◆ Prompt ◆
Retype the material that follows exactly, limited to the lines from the one with "Gola sada Heidmann" through the one with "Ce bracelet a", and keep out all pictures.

═══ Input material ═══

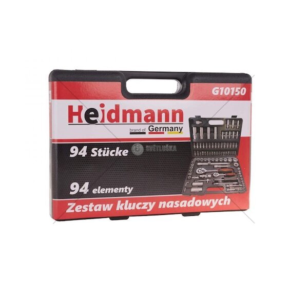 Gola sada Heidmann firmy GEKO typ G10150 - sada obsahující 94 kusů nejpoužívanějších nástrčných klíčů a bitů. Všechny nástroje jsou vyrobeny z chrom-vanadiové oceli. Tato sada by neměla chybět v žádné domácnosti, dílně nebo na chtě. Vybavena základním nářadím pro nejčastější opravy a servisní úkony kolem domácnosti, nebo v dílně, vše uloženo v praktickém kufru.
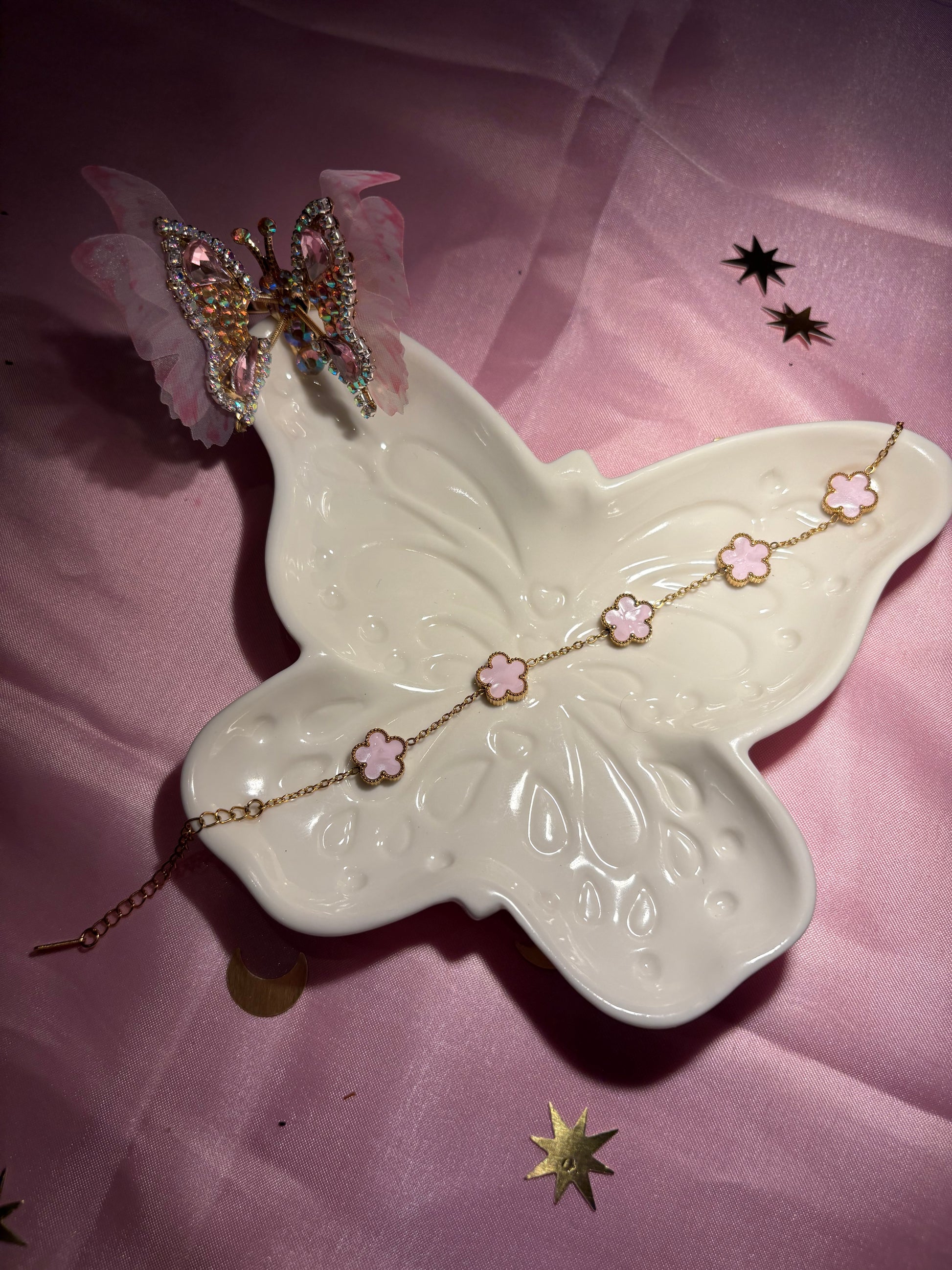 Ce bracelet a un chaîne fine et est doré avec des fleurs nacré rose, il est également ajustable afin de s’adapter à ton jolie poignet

═══
═══ Input material ═══

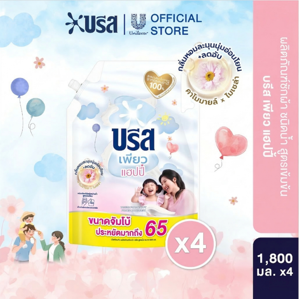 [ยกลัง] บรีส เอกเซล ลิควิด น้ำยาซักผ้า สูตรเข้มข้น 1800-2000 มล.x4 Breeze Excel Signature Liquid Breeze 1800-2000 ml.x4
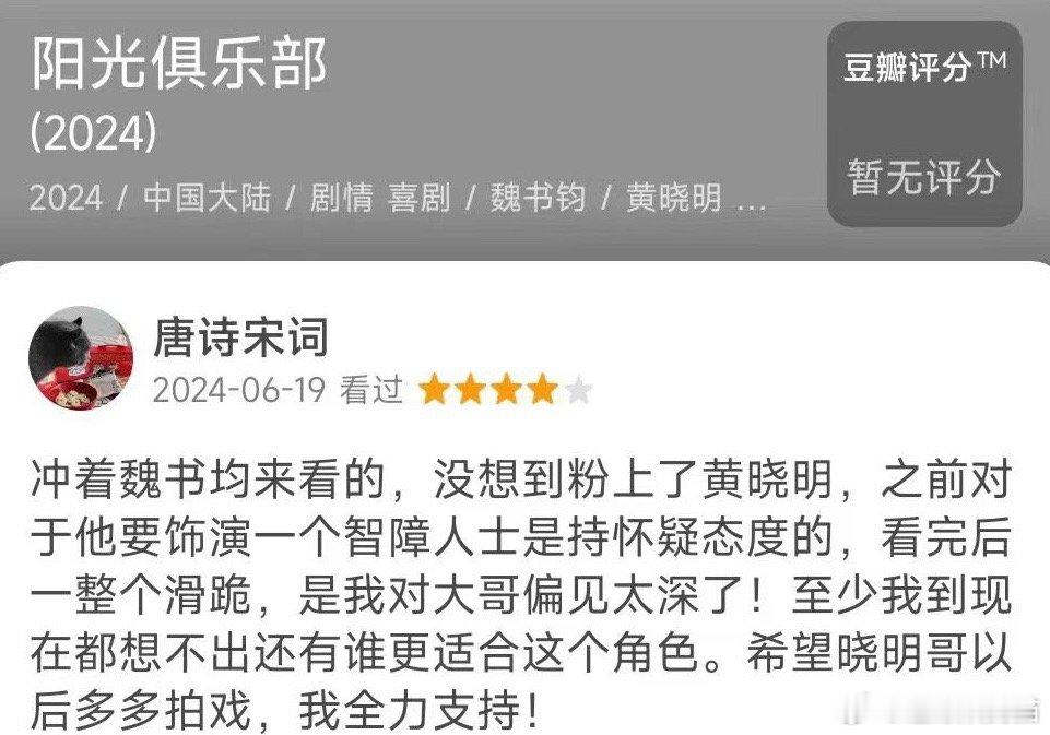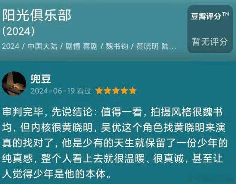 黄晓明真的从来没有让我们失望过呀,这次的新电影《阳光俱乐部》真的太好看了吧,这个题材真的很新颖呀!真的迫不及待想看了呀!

═══
═══ Input material ═══

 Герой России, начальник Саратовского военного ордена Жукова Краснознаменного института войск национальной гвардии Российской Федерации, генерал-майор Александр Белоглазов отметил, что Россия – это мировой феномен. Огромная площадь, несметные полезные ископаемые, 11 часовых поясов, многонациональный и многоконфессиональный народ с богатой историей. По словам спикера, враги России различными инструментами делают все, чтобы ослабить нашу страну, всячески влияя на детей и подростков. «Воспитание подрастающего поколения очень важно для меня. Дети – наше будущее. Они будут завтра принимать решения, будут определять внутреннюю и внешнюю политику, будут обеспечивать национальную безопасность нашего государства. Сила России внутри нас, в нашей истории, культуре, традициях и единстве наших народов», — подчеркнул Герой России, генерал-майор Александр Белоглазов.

═══

◆ Solution for this exercise ◆
 Gola sada Heidmann firmy GEKO typ G10150 - sada obsahující 94 kusů nejpoužívanějších nástrčných klíčů a bitů. Všechny nástroje jsou vyrobeny z chrom-vanadiové oceli. Tato sada by neměla chybět v žádné domácnosti, dílně nebo na chtě. Vybavena základním nářadím pro nejčastější opravy a servisní úkony kolem domácnosti, nebo v dílně, vše uloženo v praktickém kufru.
 Ce bracelet a un chaîne fine et est doré avec des fleurs nacré rose, il est également ajustable afin de s’adapter à ton jolie poignet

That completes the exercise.